Home …And Facebook Got Hacked, Too

…And Facebook Got Hacked, Too

Seems you can’t turn around without hearing of another big company having its shirt pulled over its head by hackers. The New York Times and the Wall Street Journal both got exploited by Chinese hackers recently, and a Michigan television station put out a zombie-related Emergency Alert message in a clever, though probably momentarily distressing, hack. Just this morning, UBM announced that its website enterpriseefficiency.com was taken down due to a full-scale denial-of-service attack on its networks.

And now Facebook has announced that some of its machines were infected. An announcement on the company’s Newsroom blog – posted in the bad-news graveyard of Friday afternoon leading into a long weekend – revealed that the social networking site was targeted by a “sophisticated attack” last month.

When a handful of Facebook employees visited a compromised mobile developer website, a hosted exploit snuck malware onto their devices. Thanks to antivirus software, Facebook discovered the attack and “remediated” the machines – by which we can only hope means they were fantastically destroyed(though probably they were just wiped and restored).

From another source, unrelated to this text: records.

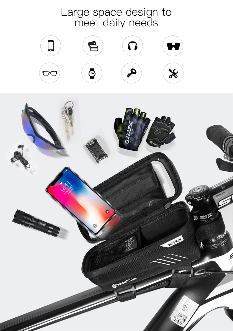 Велосипедная Рама WILD MAN, передняя сумка, водонепроницаемая верхняя труба, Велосипедный Чехол для телефона, сумка для сенсорного экрана, сумка для горного велосипеда, Портативные велосипедные аксессуары
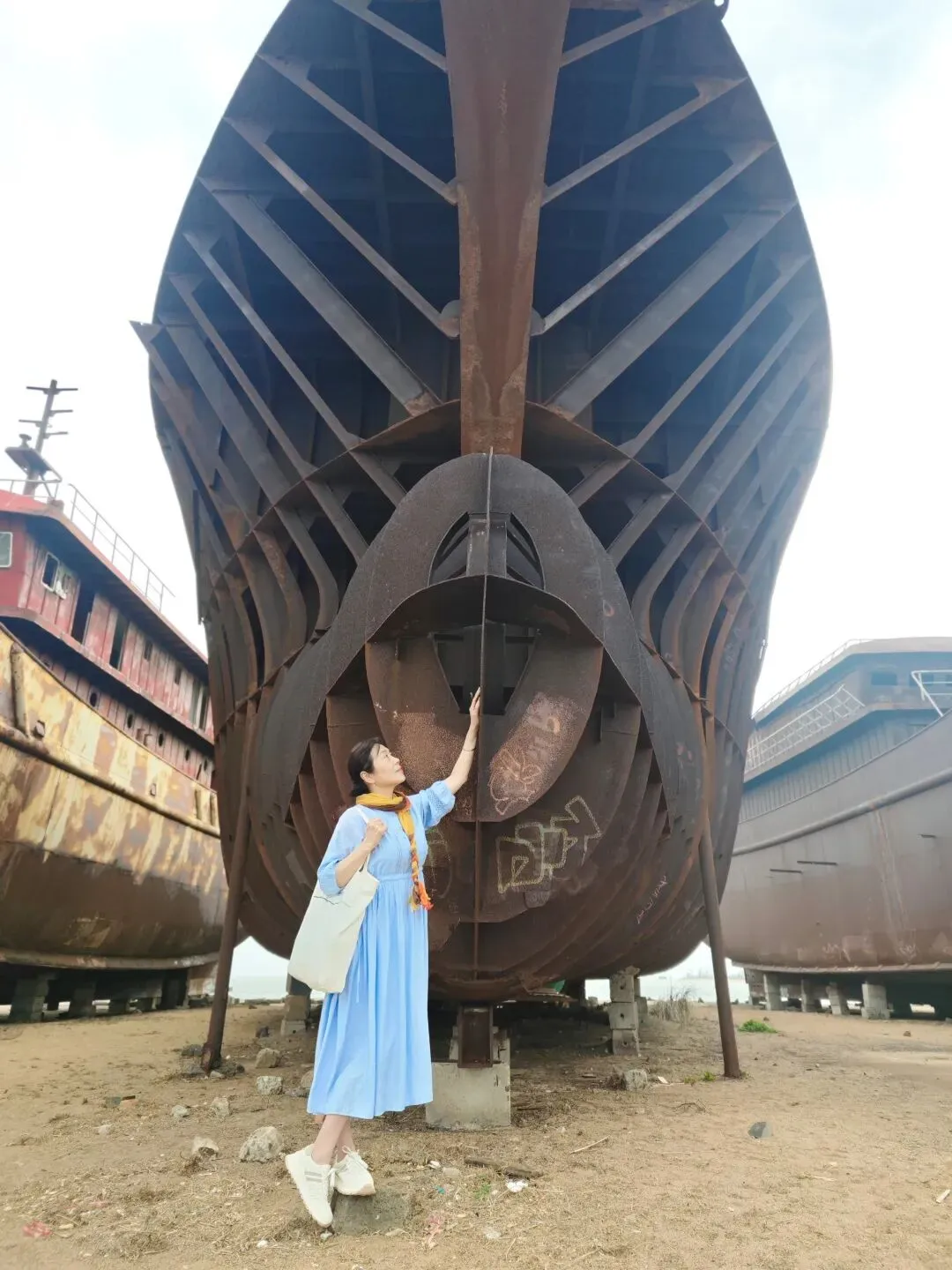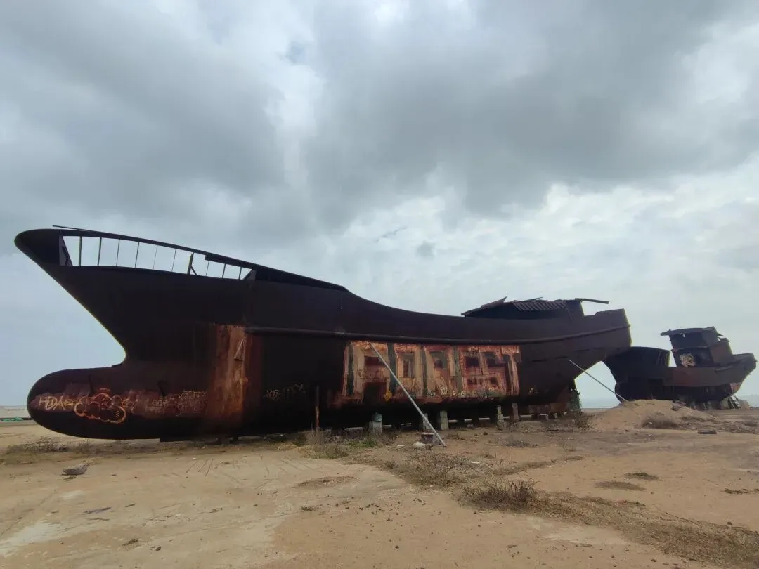 新埠岛还有一处网红拍照打卡地一一“森江沅船业旧船厂”。它地处岛的东北侧,南渡江入海口处。曾经的船厂早已不知所踪,只见空况的地面上停放着5艘长约20一30米长的锈蚀严重的钢制船舶残骸。
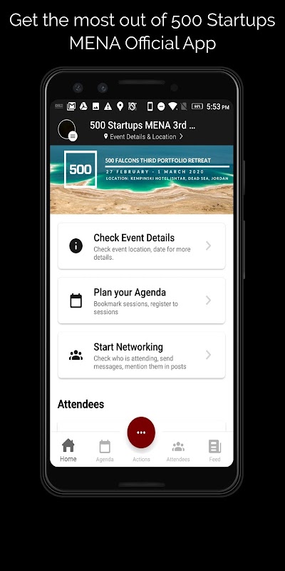 An app for 500 Startups events in the MENA region, including Investor days and other programs
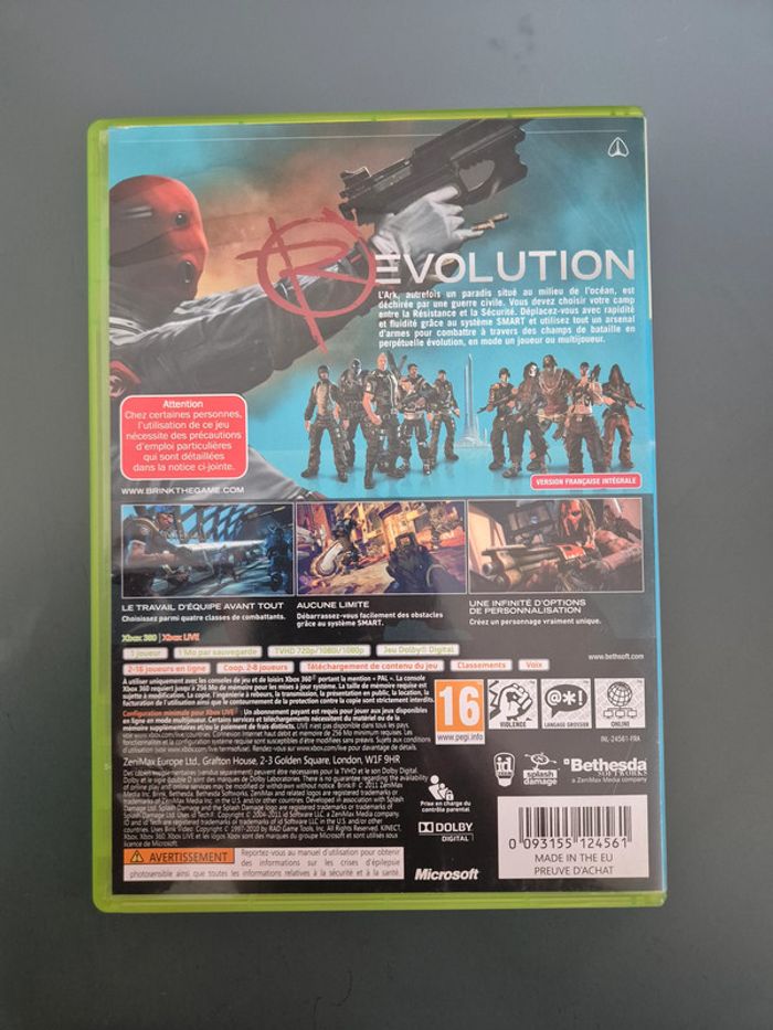 Brink XBOX 360. Bon état général, petites griffes d'utilisations. -20% de réduction activée automatiquement à partir de 5 articles. Vendu comme sur les photos. Envoi sous 24h sauf les dimanches et jours fériés si achat réalisé avant 20h. (Mondial Relay, Bpost) Pour les envois Homerr et UPS, envoi sous 48h du lundi au vendredi.
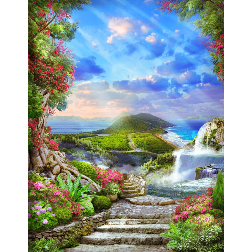 Tranh Dan Tường 3d đường đến Thien đường Biển Tranh Cảnh Biển
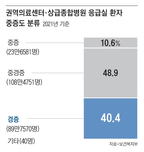- 경증 환자 지역 응급의료기관으로 , 중증 응급환자 지역 · 권역응급의료센터로 이송 등 응급 의료 기관별 역할 분담 통해 센터급 이상 응급실의 과밀화 해소 추진

After alerting law enforcement, Facebook says it launched a “significant investigation” that’s still underway. The company also claims that no user data was compromised in the attack. Facebok offered a more detailed explanation on its security blog, excerpted below: 

After analyzing the compromised website where the attack originated, we found it was using a “zero-day” (previously unseen) exploit to bypass the Java sandbox (built-in protections) to install the malware. We immediately reported the exploit to Oracle, and they confirmed our findings and provided a patch on February 1, 2013, that addresses this vulnerability.

Facebook was not alone in this attack. It is clear that others were attacked and infiltrated recently as well. As one of the first companies to discover this malware, we immediately took steps to start sharing details about the infiltration with the other companies and entities that were affected. We plan to continue collaborating on this incident through an informal working group and other means.